Christopher Allen: Do one on a friday night, for instance
  ... will keep this open for two more weeks.  Again, want 50 
  responses.  W3C minimum bar is 20 organizations saying they would 
  participate as members.
Manu Sporny: Charter Cleanup
  ... there are three items to focus on
  ... FAQ, use cases, charter.  Use cases doc is suffering from 
  lack of reviews.
Christopher Allen: (I have reached out to IBM and Intel's reps to 
  comment — will continue to prod)
  ... We could also create a spec to use as input to a WG.  
  Google and MSFT made comments on the public list saying they 
  would rather have the work incubated first.
  ... Mike Champion (MSFT) and Chris Wilson (Google).
  ... They want to see what the technical proposal would be.  But 
  they are the same orgs that made the same request when the 
  payments work was starting.  We could create a spec that is what 
  we have so far but removes the protocol pieces.

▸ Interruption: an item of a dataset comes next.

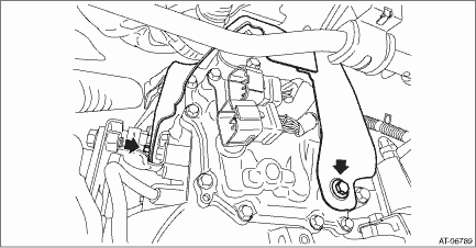 15. Install the pitching stopper bracket and transmission radio ground cord.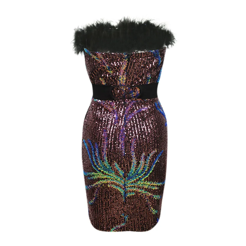 Летнее женское платье без бретелек с перьями в стиле пэчворк Мини сексуальное платье с блестками

Dave Longley: They may also only be looking for that because they 
  are browser vendors -- and there's nothing for the browsers to 
  implement here.
Shane McCarron: +1 To splitting the document and putting the 
  limited version forward as a strawhorse
Dave Longley: It's a trap! -- Admiral Ackbar
Manu Sporny:  Shouldn't be too hard to pull together.  Thoughts?  

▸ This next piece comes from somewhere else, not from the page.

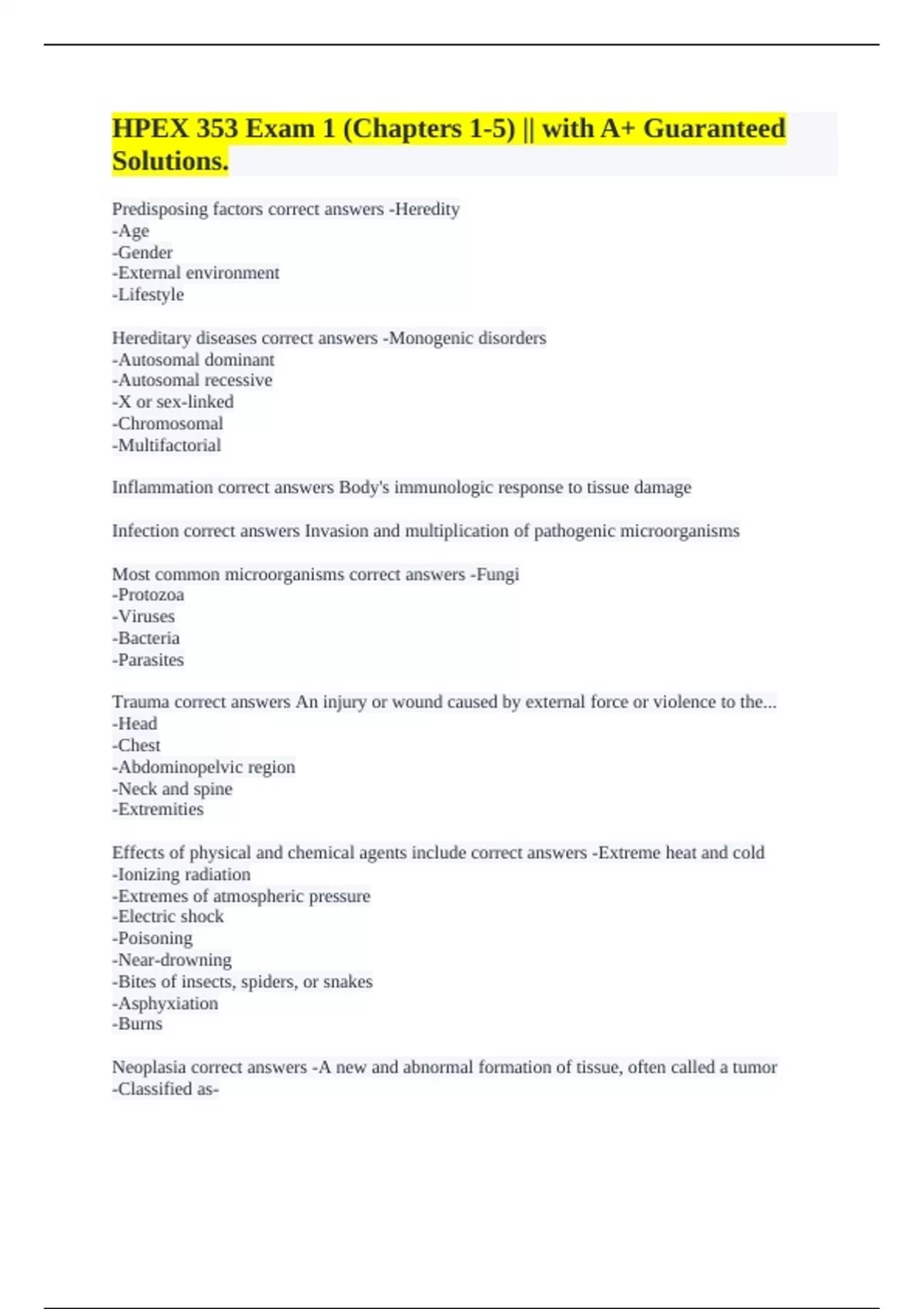 Trauma correct answers An injury or wound caused by external force or violence to the...

  Is this a trap for us, to have a doc that people can shoot down?
Christopher Allen: (I reached out to Wayne Carr of Intel, and 
  Arnaud Le Hors of IBM — both may have reasons to support verified 
  credentials because of their blockchain efforts)
Dave Longley:   Mainly just having fun with my General Ackbar 
Shane McCarron: The goldilocks spec
Christopher Allen:  I'll include them in the ping for 
  questionnaire fill out [scribe assist by Manu Sporny]
David Ezell:   A catch-22 here, if you do nothing it gets shot 
  down, if you put details it can get shot down, but there is often 
  a happy medium that will work
Dave Longley:   One of the issues may be that there is nothing 
  for the browsers to implement, so Google and MSFT may not see 
Shane McCarron: +1 To make it clear there is nothing for browsers 
  to do.  and it would be good for implementors to speak up
Nate Otto: Don't know enough about the politics to evaluate risk 
  either way. It is hard to get the right level of low-fi 
  abstraction to not get dragged into the weeds on minutiae without 
  the ability to respond (because it's really the job of a working 
  group to sort out).
  ... a related question then is who would implement, which is 
  why Pearson and others need to respond.
Dave Longley: I think the best response would be: "Browsers don't 
  need to implement anything --- and these orgs X, Y, and Z will be 
  implementing and/or using."
Christopher Allen:   We may need to be more specific about why 
  new blockchain technologies are needing this.  Traditional 
  solutions are not working with block chains.
Dave Longley: That addresses both of their main concerns, IMO.
  ... Will try to articulate this better, that the demand is not 
  just for web browser web payments.
Manu Sporny:   I'm hearing weak support for putting together a 
  goldilocks spec that makes weak statements.
  ... wrt MSFT and Google, we can respond with much of what was 
  discussed today.
Christopher Allen:   Proof of publication/existence may also be 
  good to include.
Nate Otto: Will take an action to review use cases. Sorry I've 
  been very busy!
Shane McCarron: Let's have spec-ops do the simplification
Manu Sporny:   I am doing charter cleanup, Shane the use cases, 
  but we are stalled on the latter because not enough reviews.  
  Please review (again).  I will work with Dave L on the reduced 
  ... if you know of anyone who could be an implementer, please 
  talk to them.
Christopher Allen: Thank you.
Shane McCarron:   SpecOps should do spec.